▶ [Information provided]
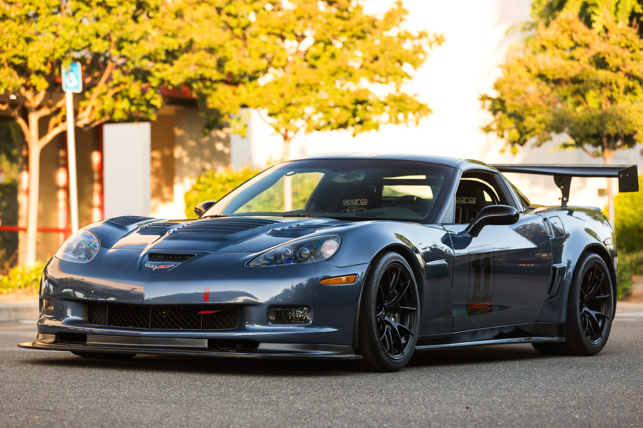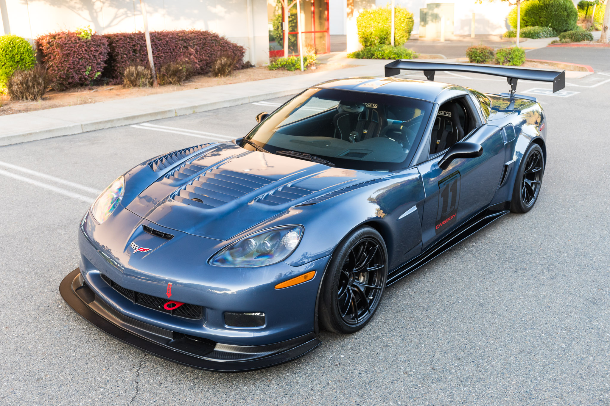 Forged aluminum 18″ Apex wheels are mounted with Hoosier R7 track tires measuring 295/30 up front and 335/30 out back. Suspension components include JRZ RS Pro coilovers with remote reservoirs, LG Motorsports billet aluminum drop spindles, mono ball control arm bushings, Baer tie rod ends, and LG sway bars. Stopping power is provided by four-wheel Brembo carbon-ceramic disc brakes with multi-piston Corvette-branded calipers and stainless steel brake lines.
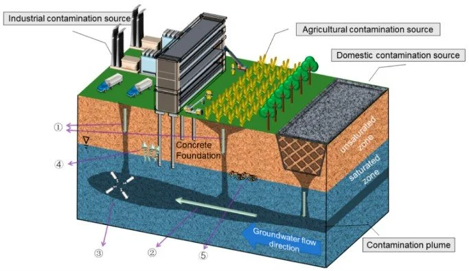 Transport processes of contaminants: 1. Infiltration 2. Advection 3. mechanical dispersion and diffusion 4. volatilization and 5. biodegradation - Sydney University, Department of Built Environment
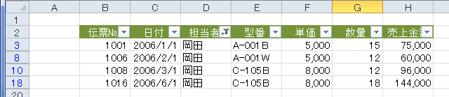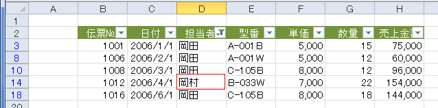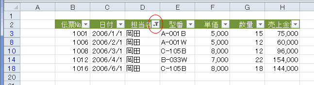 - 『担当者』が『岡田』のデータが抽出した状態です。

▶ [Work required] With the pictures removed, return the data above word for word.

▶ [Task answer]
 Forged aluminum 18″ Apex wheels are mounted with Hoosier R7 track tires measuring 295/30 up front and 335/30 out back. Suspension components include JRZ RS Pro coilovers with remote reservoirs, LG Motorsports billet aluminum drop spindles, mono ball control arm bushings, Baer tie rod ends, and LG sway bars. Stopping power is provided by four-wheel Brembo carbon-ceramic disc brakes with multi-piston Corvette-branded calipers and stainless steel brake lines.
 Transport processes of contaminants: 1. Infiltration 2. Advection 3. mechanical dispersion and diffusion 4. volatilization and 5. biodegradation - Sydney University, Department of Built Environment
 - 『担当者』が『岡田』のデータが抽出した状態です。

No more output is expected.